Eliminating Financial Barriers to Cardiac Rehabilitation

Author Affiliations
  • 1Feinberg School of Medicine, Northwestern University, Chicago, Illinois
  • 2Department of Cardiac Surgery, Michigan Medicine, Ann Arbor
  • 3Center for Healthcare Outcomes and Policy, University of Michigan, Ann Arbor
JAMA Intern Med. 2024;184(9):1104-1105. doi:10.1001/jamainternmed.2024.3351

Cardiac rehabilitation (CR) improves quality of life and clinical outcomes for patients with acute and long-term cardiovascular conditions, but fewer than one-third of patients attend a single session.1 Disparities in CR participation across vulnerable populations, including patients with lower socioeconomic status (SES), have been well documented.2 Yet, solutions to this problem remain elusive, which likely contributes to long-term disparities in cardiovascular quality of care and outcomes.

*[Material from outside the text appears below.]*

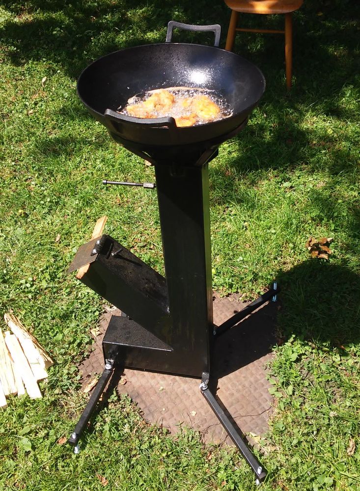 Dým je jen do doby, než se to prohřeje. Pak už to vlastně spaluje plyny ze dřeva a nekouří. Když tam přiložíš nové dřevo, tak na chvilku zakouří a pak zase jen spalování plynů. Ve tmě je vidět na výstupu nafialovělý plamen. Když se na chvilku zavřou ta dvířka podepřená třískou (chybí dodělat regulace vzduchu) a pak je otevřeš, tak ty plyny bafnou a je to vidět i slyšet. Zatím s tím experimentuju a získávám zkušenosti, jak a na co by to šlo použít, případně co vylepšit.

The trial by Gaalema et al3 examined the effectiveness of financial incentives and case managers to improve CR adherence (at least 30 sessions completed) among patients with lower SES who qualified for CR. They demonstrated that financial incentives in the form of direct payments to patients for completing CR sessions improved adherence to CR. The effect of financial incentives was even greater when paired with case management, increasing CR adherence nearly 6-fold from 11% in the control group to 62% in patients receiving both interventions.